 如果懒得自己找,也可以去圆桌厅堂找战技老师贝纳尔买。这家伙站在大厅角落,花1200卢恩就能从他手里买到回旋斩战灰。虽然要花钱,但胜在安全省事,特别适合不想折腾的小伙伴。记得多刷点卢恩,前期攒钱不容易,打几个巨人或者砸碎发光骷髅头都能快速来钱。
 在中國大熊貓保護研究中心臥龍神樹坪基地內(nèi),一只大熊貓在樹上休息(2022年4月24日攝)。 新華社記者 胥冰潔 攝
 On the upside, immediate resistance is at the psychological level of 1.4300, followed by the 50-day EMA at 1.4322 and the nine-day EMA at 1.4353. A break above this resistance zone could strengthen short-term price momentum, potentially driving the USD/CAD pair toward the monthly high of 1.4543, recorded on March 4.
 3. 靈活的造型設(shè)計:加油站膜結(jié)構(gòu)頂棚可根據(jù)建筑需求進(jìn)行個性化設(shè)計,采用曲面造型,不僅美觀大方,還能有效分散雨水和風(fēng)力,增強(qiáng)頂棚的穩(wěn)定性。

------------------------------------------------

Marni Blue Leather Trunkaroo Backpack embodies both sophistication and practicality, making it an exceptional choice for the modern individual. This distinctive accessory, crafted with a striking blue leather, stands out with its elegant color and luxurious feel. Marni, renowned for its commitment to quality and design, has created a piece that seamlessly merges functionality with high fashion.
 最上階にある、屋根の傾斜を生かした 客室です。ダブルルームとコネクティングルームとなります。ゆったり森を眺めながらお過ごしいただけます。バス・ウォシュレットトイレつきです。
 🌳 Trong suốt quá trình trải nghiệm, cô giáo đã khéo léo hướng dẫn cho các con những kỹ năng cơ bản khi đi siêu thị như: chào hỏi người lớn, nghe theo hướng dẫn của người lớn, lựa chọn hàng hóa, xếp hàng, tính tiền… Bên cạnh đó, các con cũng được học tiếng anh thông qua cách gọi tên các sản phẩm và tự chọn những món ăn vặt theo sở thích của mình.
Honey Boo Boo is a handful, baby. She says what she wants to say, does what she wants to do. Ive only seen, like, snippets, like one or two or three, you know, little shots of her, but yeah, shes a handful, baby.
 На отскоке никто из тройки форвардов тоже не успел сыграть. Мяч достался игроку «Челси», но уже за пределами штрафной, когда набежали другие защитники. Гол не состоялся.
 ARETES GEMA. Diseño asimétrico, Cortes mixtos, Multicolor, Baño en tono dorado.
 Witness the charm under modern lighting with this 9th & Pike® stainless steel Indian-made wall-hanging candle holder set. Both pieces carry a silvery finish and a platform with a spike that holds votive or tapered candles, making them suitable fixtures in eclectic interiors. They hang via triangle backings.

------------------------------------------------

◆ What you need to do:
Return only the lines between the one holding "На отскоке никто" and the one holding "Witness the charm", inclusive, exactly as they appear above.

◆ Expected answer:
 На отскоке никто из тройки форвардов тоже не успел сыграть. Мяч достался игроку «Челси», но уже за пределами штрафной, когда набежали другие защитники. Гол не состоялся.
 ARETES GEMA. Diseño asimétrico, Cortes mixtos, Multicolor, Baño en tono dorado.
 Witness the charm under modern lighting with this 9th & Pike® stainless steel Indian-made wall-hanging candle holder set. Both pieces carry a silvery finish and a platform with a spike that holds votive or tapered candles, making them suitable fixtures in eclectic interiors. They hang via triangle backings.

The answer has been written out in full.